▸ **Work order**:
What is needed is an exact copy of the whole listing below, with no pictures.

▸ **Supplied material**:

----

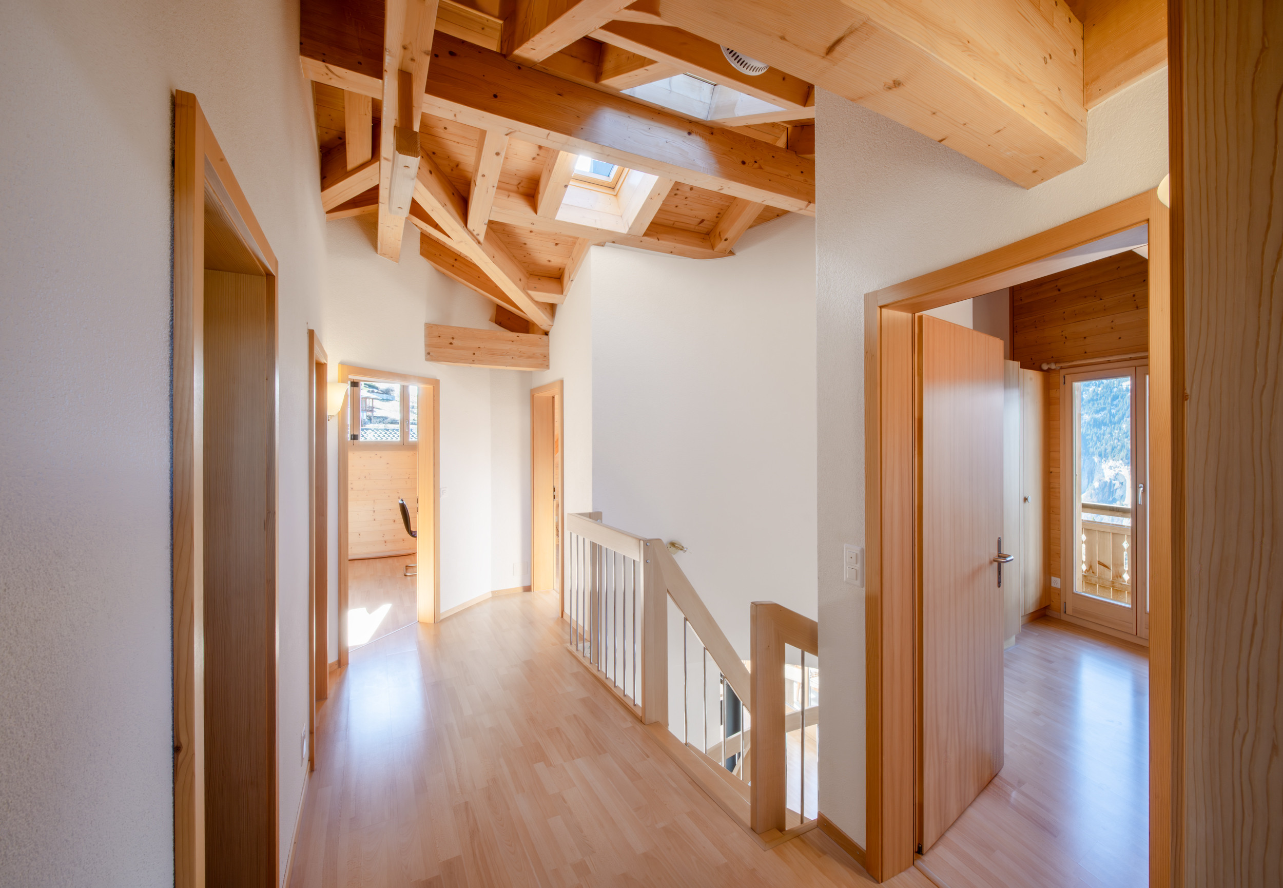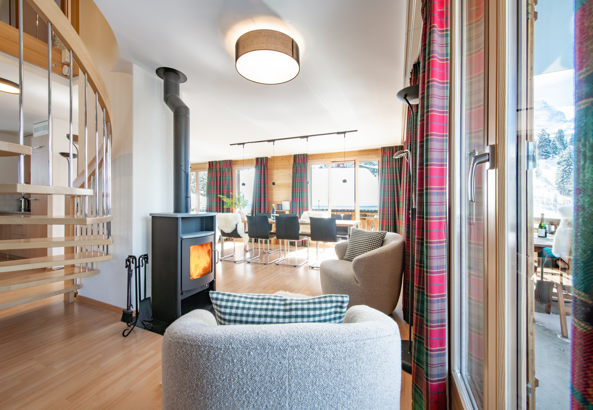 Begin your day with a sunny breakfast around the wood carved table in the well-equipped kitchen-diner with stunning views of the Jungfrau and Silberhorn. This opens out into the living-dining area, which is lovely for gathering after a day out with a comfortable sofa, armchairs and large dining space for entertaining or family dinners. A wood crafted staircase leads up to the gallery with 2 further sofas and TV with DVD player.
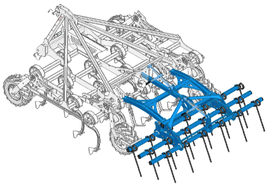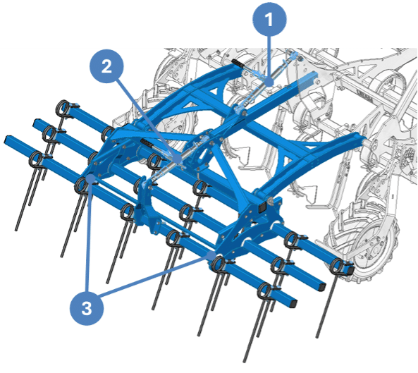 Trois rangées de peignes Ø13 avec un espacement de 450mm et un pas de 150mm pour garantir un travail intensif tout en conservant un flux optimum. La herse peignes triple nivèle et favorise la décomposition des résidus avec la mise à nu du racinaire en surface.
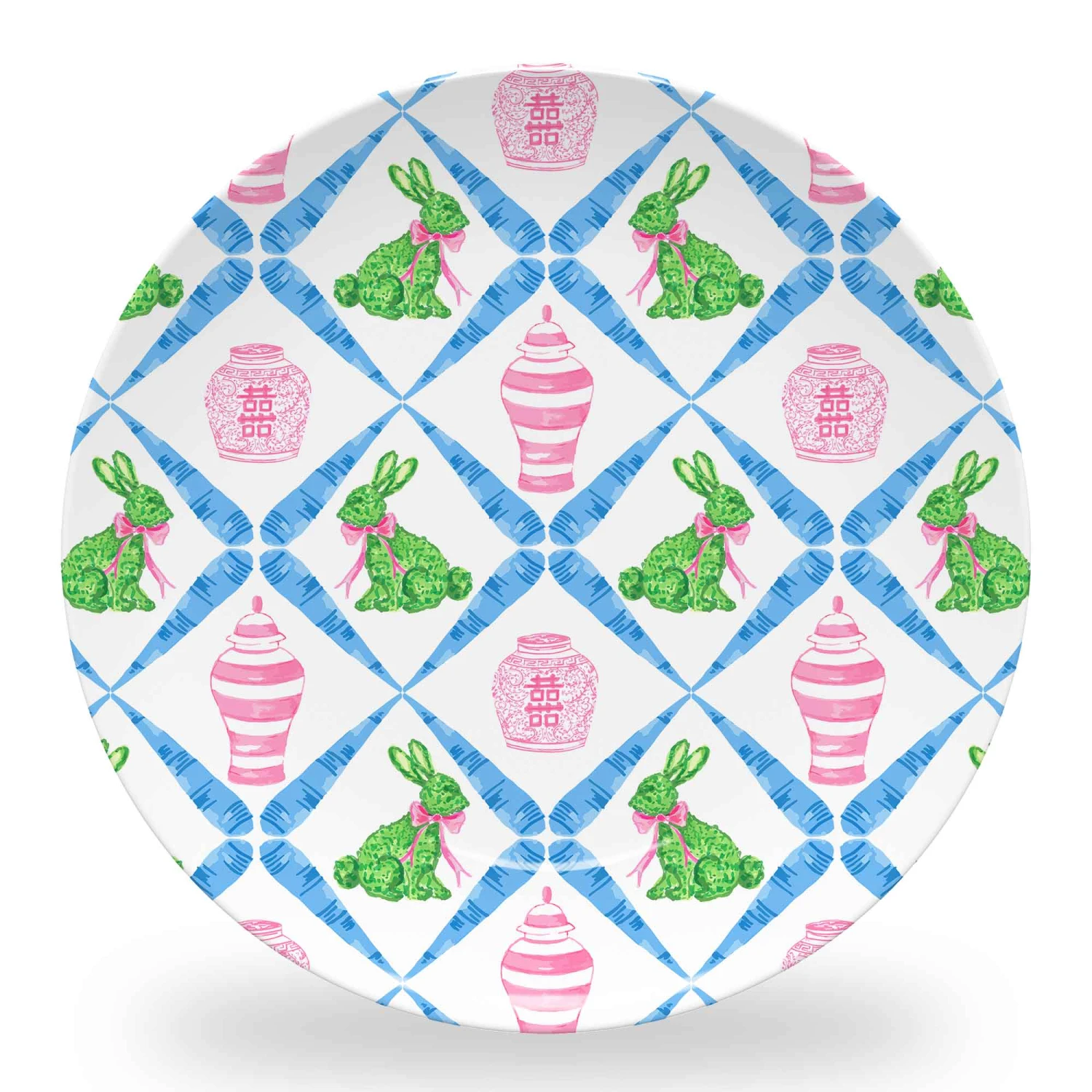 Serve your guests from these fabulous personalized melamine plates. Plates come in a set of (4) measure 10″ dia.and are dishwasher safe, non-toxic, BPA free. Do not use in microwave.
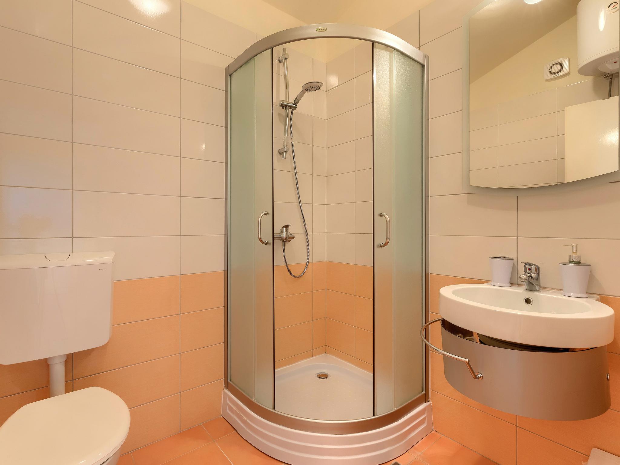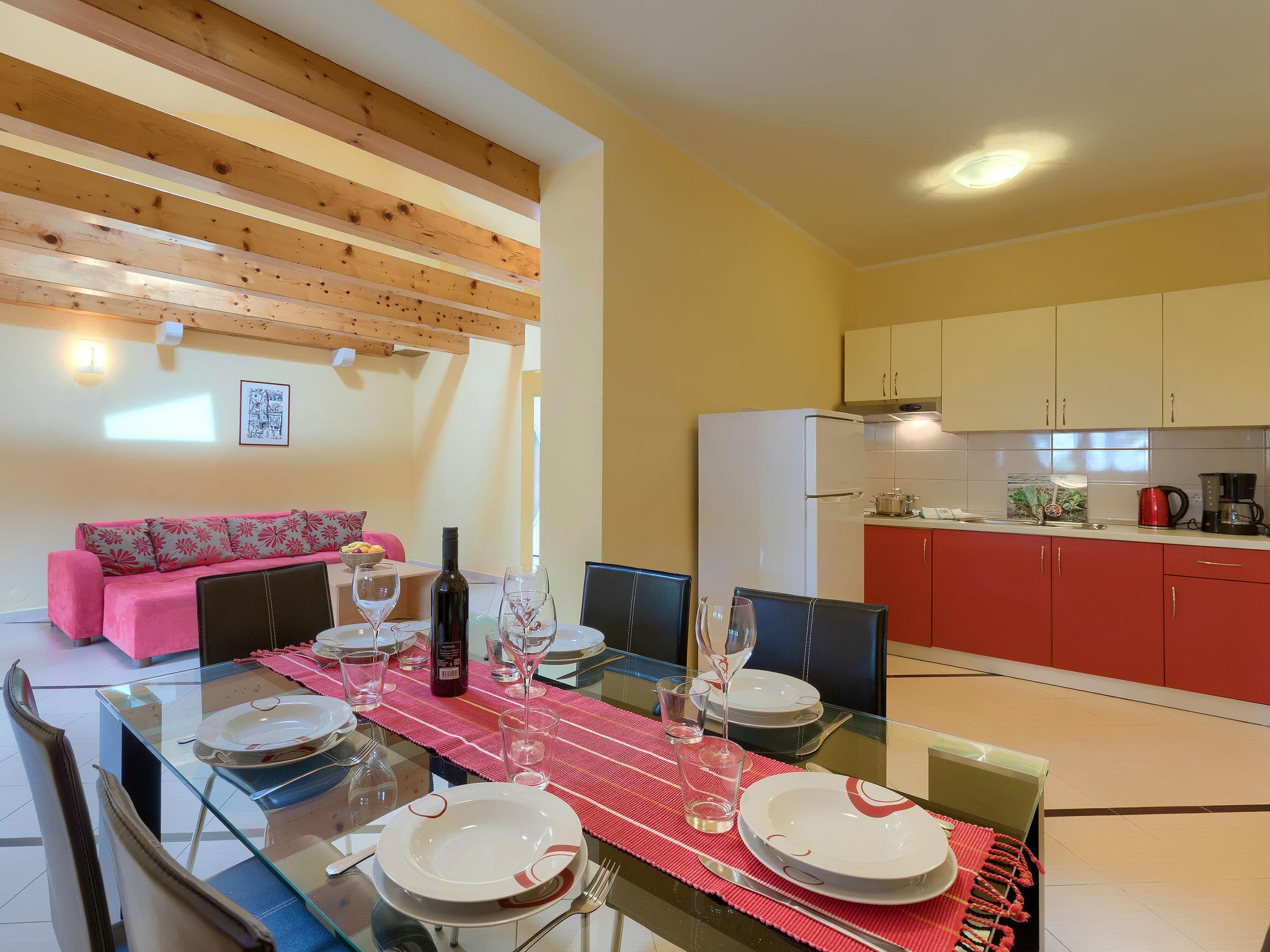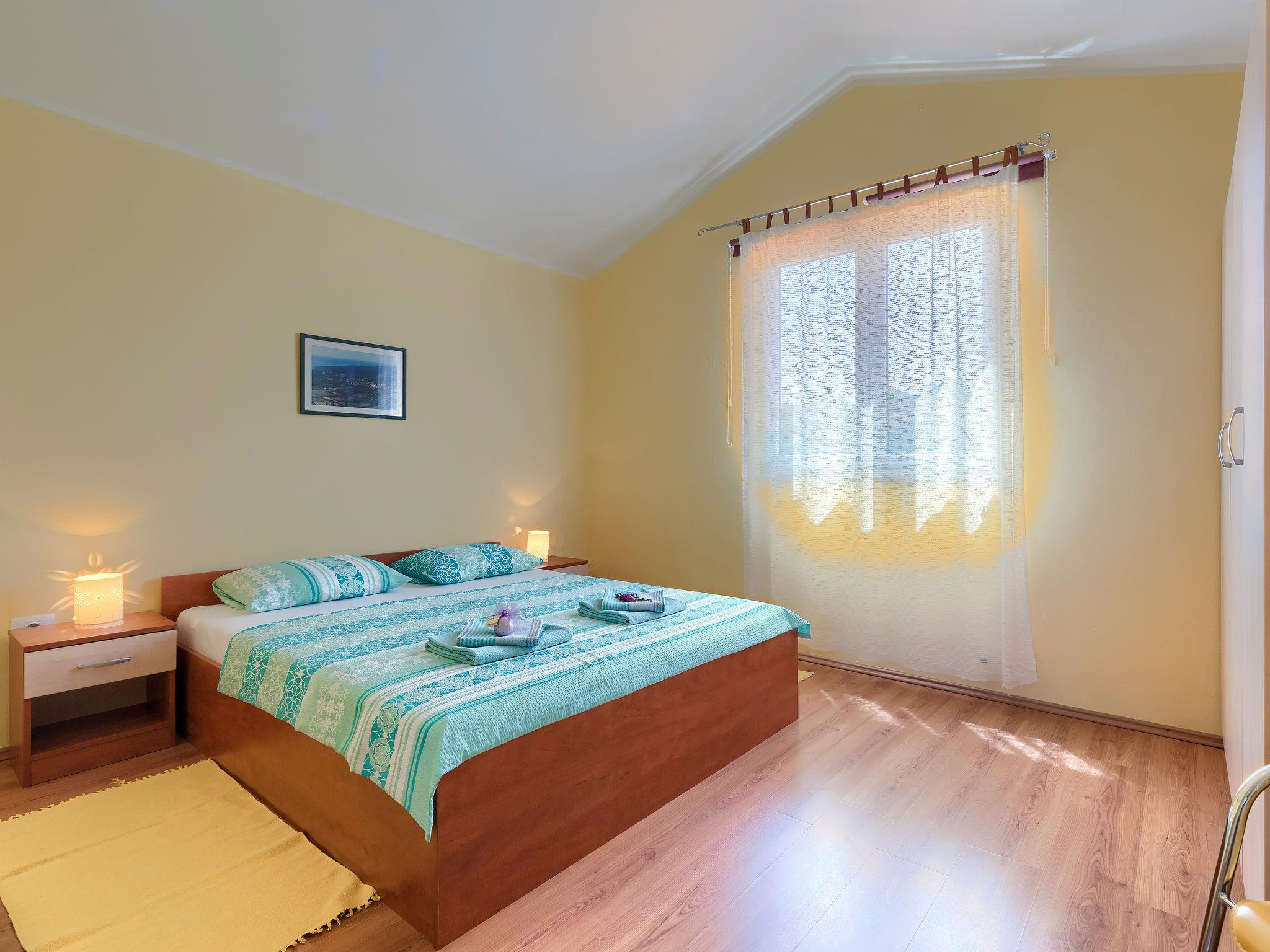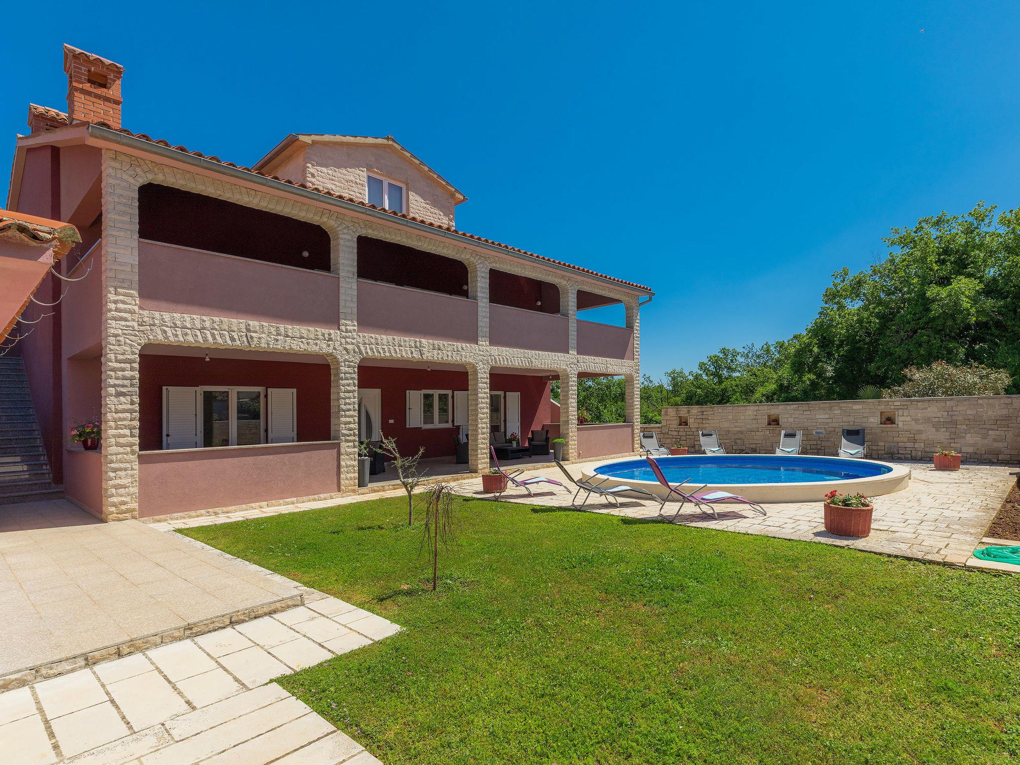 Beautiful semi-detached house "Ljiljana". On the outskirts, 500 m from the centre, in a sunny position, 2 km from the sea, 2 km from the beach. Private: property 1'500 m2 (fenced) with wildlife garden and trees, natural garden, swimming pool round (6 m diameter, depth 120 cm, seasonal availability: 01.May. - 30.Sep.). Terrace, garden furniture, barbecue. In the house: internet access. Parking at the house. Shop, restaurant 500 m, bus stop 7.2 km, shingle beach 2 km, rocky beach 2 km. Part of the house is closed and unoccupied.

----

▸ **Exercise result**:
 Begin your day with a sunny breakfast around the wood carved table in the well-equipped kitchen-diner with stunning views of the Jungfrau and Silberhorn. This opens out into the living-dining area, which is lovely for gathering after a day out with a comfortable sofa, armchairs and large dining space for entertaining or family dinners. A wood crafted staircase leads up to the gallery with 2 further sofas and TV with DVD player.
 Trois rangées de peignes Ø13 avec un espacement de 450mm et un pas de 150mm pour garantir un travail intensif tout en conservant un flux optimum. La herse peignes triple nivèle et favorise la décomposition des résidus avec la mise à nu du racinaire en surface.
 Serve your guests from these fabulous personalized melamine plates. Plates come in a set of (4) measure 10″ dia.and are dishwasher safe, non-toxic, BPA free. Do not use in microwave.
 Beautiful semi-detached house "Ljiljana". On the outskirts, 500 m from the centre, in a sunny position, 2 km from the sea, 2 km from the beach. Private: property 1'500 m2 (fenced) with wildlife garden and trees, natural garden, swimming pool round (6 m diameter, depth 120 cm, seasonal availability: 01.May. - 30.Sep.). Terrace, garden furniture, barbecue. In the house: internet access. Parking at the house. Shop, restaurant 500 m, bus stop 7.2 km, shingle beach 2 km, rocky beach 2 km. Part of the house is closed and unoccupied.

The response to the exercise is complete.